Each additional worker loads a full copy of the model into memory. On GPU systems, multiple workers share the same GPU but run in separate threads, each owning its model copy to avoid thread-safety issues.

Memory Usage

With --workers 4 and a 100 MB model, approximately 400 MB of model memory is allocated (plus VRAM per worker). Monitor memory usage when increasing workers significantly.

--no-merge — Evaluation mode

When set, detect_birds.py enters evaluation mode:

  • Song merging is skipped (clip-level detections kept).
  • Only raw_detections.json is written under --output-path (default results/).
  • --output-format is ignored; a note is printed if other formats were requested.

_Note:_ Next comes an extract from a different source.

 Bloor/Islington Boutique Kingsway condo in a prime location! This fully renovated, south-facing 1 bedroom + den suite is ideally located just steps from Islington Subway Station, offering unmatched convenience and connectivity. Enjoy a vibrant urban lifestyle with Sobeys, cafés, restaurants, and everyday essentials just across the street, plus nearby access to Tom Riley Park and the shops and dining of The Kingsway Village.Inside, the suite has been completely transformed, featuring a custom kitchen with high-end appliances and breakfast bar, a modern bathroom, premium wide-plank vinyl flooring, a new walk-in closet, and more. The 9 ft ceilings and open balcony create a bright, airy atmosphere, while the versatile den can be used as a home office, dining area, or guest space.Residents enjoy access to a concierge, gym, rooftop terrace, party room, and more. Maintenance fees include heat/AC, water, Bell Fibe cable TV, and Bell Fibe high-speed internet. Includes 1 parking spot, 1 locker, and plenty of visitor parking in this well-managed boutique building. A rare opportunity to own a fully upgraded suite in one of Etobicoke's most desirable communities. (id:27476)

Use this for the detection & evaluation workflow. For normal field use, omit --no-merge and pick formats with --output-format.

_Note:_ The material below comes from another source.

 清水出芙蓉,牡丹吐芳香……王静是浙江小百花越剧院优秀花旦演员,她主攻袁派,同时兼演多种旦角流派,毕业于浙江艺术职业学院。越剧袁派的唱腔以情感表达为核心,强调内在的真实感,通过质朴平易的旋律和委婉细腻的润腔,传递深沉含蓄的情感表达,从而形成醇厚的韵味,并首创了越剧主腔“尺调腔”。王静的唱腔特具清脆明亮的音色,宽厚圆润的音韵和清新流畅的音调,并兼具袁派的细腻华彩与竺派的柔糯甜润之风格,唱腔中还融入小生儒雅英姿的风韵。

--output-format — Output Formats

Accepts one or more format names separated by spaces. Specify all to write every format in one run. For full schema documentation of each format see Detection Output Formats.

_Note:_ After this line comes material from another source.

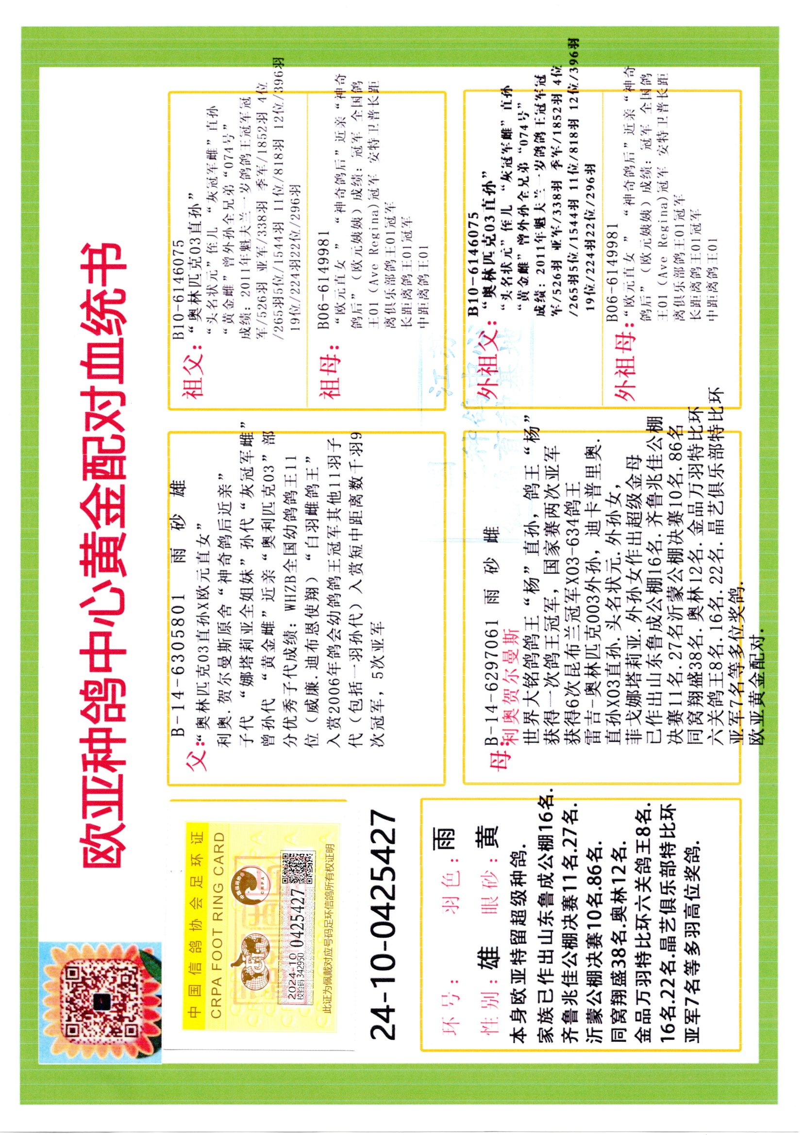 24年秋南京特比环欧亚荣获大团体冠军.小团体冠军551公里大特比13名.14名.16名.19名.20名.21名.24名.26名.27名.28名.42名.52名.54名.57名.65名.66名.68名.70名.71名.72名.74名.76名.80名.82名.83名.84名.85名.86名.90名.92名.110名.116名.121名.122名.128名.131名.158名.161名.164名.165名.166名.172名.174名.177名.182名.195名.196名.201名.205名.208名.210名.216名.253名.269名.275名.276名.294名.296名.299名,,24年秋云南天南铜都公棚决赛415名.天南铜都小棚决赛409名.云南玉活公棚决赛102名.490名.团体32名上笼二羽进二羽,天南铜都大棚506公里决赛445名。热烈祝贺河北省巨鹿县李兰生老师用欧亚泰山号血系连续十一年夺冠军,河北省国家赛冠军.全国季军等多次前十名高位,扬州王军王总用欧亚利奥24年春季获山东翔宇公棚决赛33名盖比53名。南京刘正龙刘总用欧亚盖比获得24年秋山东潍坊国际公棚决赛42名.精英赛30名.三关鸽王71名.决赛86名.加站赛16名.南京市特比环A组鸽王9名.B组鸽王5名.6名.C组鸽王5名.精英赛冠军4名.技能赛A组冠军4名.5名.秦淮区特比环荣获15名.46名.48名.87名。四川西昌徐亮徐总用欧亚利奥获得凉山州聚友决赛177名.第二关亚军双关鸽王19名.三关鸽王105名.云南豪庭公棚决赛603名。热烈祝贺24年四川重庆翔园鸽舍用欧亚泰山号荣获春季400公里冠军.秋季500公里冠军,河北王总用詹森X利奥获得千羽千翔公棚400公里冠军,广东蔡楷焕荣获24年秋爱好者 赛鸽俱乐部三关鸽王季军.一关420公里99名.二关450公里11名.三关520公里32名.单关季军.7名.12名,江西李卫兴荣获贵州红枫公棚8名.共翔俱乐部寄养棚四关综合鸽王30名.一关400公里78名.二关500公里55名.三关520公里37名.四关500公里57名.同父母获公棚18名.雷鸣获得武汉黄浦育翔中心冠军,四川陈文获得四川明鸿俱乐部300公里梦幻2名.3名.4名.9名.10名.13名.14名.15名.31名.34名.40名.41名.42名.43名.69名.71名.72名.73名.74名.94名.95名.97名.98名.99名.419公里决赛荣获总冠军7名.总共归巢9羽,四川徐亮获豪庭决赛603名,山西郑勇获得山西泰鑫公棚决赛255名詹森红狐,热烈祝贺马总获得开尔(飞跃队)决赛9名获奖金1310000万元.第一关52名,天津津福资赛180公里96名.获奖金429543万元,欧亚支持全国鸽友24年秋多人报喜 祝大家取得更好成绩,给欧亚报喜鸽友欧亚决定给每人赠送一羽超级种鸽。欧亚俱乐部特比环多关鸽王成绩:15年秋淮安特比环黑色星期一全会上笼9700多羽,当天无鸽归巢,第二天全会归巢357羽,本舍归巢158羽.前十名八羽.前一百名归巢57羽,16年春季获五关鸽王总冠军,总亚军四名.六名.七名.九名.十名.晶艺俱乐部520公里冠亚季军5名.6名.7名.9名.11名等,火车头冠军.季军6名.8名.9名.10名,16年秋晶艺俱乐部特比环520公里亚军.季军4名.6名.7名.9名,15年春南京白下特比环冠军.亚军.季军6名.7名.8名.9名.10名.指定鸽A B组获得冠军.亚军.季军4名.5名.,17年淮安特比环亚军.4名.5名.7名.8名.10名.六关鸽王总冠军.4名.6名.9名.10名,寄养棚宿迁刘总20羽特比环获冠军.季军.4名.7名.8名.9名等。18年荣获万羽特比环六关鸽王总冠军.总亚军.总季军.6名.8名.十名.单关四羽冠军.二羽亚军.四羽季军.前十名27羽。19年秋万羽特比环六关鸽王总亚军.总季军.5名.8名等,单关二羽冠军.三羽亚军.一羽季军前十名31羽。20年秋淮安市鸽会四关特比环大赛风雨无阻鸽王亚军.鸽王六名,金品俱乐部万羽特比环六关鸽王总冠军,总亚军.四名.五名.六名.七名.八名.十名.前二百名鸽王35羽,单关冠亚季军前十名四十多羽,火车头五关鸽王季军.六名.八名.前二百名鸽王十七羽。20年春荣获淮安五区一市四关鸽王总冠军.亚军.四名.八名.九名。21年秋荣获金品万羽特比环大赛六关鸽王总亚军.总季军.四名.七名.九名.十名.单关冠亚军季军前十名三十多羽。火车头协会鸽王六名.七名.十名.单关前十名十七羽。22年秋荣获鸽王总冠军.总亚军.5名.7名.8名.9名.11名.单关冠亚季军前十名三十多羽,第一关单关前二百名四十多羽,第二关前二百名三十多羽,第三关前二百名四十多羽,第四关前二百名四十多羽,第五关前一百名53羽。23年秋荣获鸽王季军.五名.八名.十名.13名.17名.20名.27名等多羽鸽王.单关前十名二十多羽。公棚.寄养棚部分成绩:16年秋宁夏黄河公棚总冠军电脑戈马力指定通炮冠军,17年送八羽参赛获得鸽王八名进奖四名,支持韩总荣获八名。支持鸽友荣获宁夏中卫公棚决赛总冠军.精英赛冠军,支持18年宁夏黄河公棚决赛冠军詹森X泰山。安徽鼎博寄养棚院内外四关鸽王总冠军.鸽王十七名.三十七名同窝,鸽王39名.42名.58名.67名。18年山东公棚预赛冠军.决赛65名.送八羽进奖五羽.指定获奔驰汽车一辆。支持鸽友获得云南蓝云公棚冠军.盖比X佛卡门。支持鸽友荣获云南银集公棚决赛冠军 詹森427X520血系 速度赛6700羽冠军。17年荣获金马俱乐部寄养棚四关鸽王总冠军.季军.六名.八名.第一关冠军.亚军.季军四名.七名.十一名.金牌教练奖。支持鸽友18年北京费翔公棚预赛九名电脑X桑杰士,支持鸽友荣获陕西威力公棚决赛11名.内蒙古临河寄养棚四关鸽王六名.詹森配泰山,支持河北王总用欧亚詹森427配胡本喜获20年秋开尔青年棚季军。云南东荣公棚16年预赛冠军.决赛77名.17年决赛12名.詹森红狐X泰山,17年平安公棚决赛4名 詹森427。欧亚获得21年金母寄养棚第一关四名.第二关5名.第三关5名.6名.7名.10名.三关鸽王总冠军,四关鸽王14名.十羽鸽王。支持河

--species-mapping - Interpretation of Output Labels

The mapping name must match the label space the model was trained on. It is not inferred from the weights filename. You pass it explicitly. For details see Data-Input/Species-Mapping.


Output Formats

The --output-format flag controls which file(s) are written under --output-path (unless --no-merge is set). Full schema documentation for every format, including JSON field tables and CSV column definitions, is in Detection Output Formats.


Examples

Single file

python src/inference/detect_birds.py \
    --audio recording.wav \
    --model models/Hawaii.pt \
    --species-mapping Hawaii
Loading audio: recording.wav
Duration: 120.00 seconds
Sample rate: 32000 Hz

Processing audio with PCEN...
Detecting: 100%|████████████| 79/79 [00:12<00:00]

Found 47 raw detections
Reconstructing continuous bird songs from detections...
Final count: 12 song segments

Directory batch

python src/inference/detect_birds.py \
    --audio /path/to/audio/folder \
    --model models/Western-US.pt \
    --species-mapping Western-US \
    --output-path results \
    --output-format all
Found 8 audio files in directory: /path/to/audio/folder

============================================================
Processing file 1/8: dawn_chorus.wav
============================================================
...
TOTAL DETECTIONS ACROSS ALL FILES: 94

Evaluation workflow

python src/inference/detect_birds.py \
    --audio data/test_audio/ \
    --model models/Hawaii.pt \
    --species-mapping Hawaii \
    --conf 0.001 \
    --output-path results \
    --output-format json-with-algorithm-metadata \
    --no-merge
Found 12 audio files in directory: data/test_audio/
...
TOTAL DETECTIONS ACROSS ALL FILES: 4823
Saved detections to: results/raw_detections.json

Parallel inference

python src/inference/detect_birds.py \
    --audio long_recording.flac \
    --model models/All-In-One.pt \
    --species-mapping All-In-One \
    --workers 4 \
    --output-path results \
    --output-format simplified-csv
Loading 4 model copies for parallel inference...
Pipeline (4 workers): 100%|████| 240/240 [00:18<00:00]
Final count: 31 song segments
Saved detections to CSV: results/simplified.csv

Lossy Audio Formats

The model was trained on lossless WAV files. When processing MP3 or OGG input, detection performance may degrade — especially for faint calls and high-frequency species. Use WAV or FLAC whenever possible. If you must use MP3, ensure a bitrate of ≥ 256 kbps.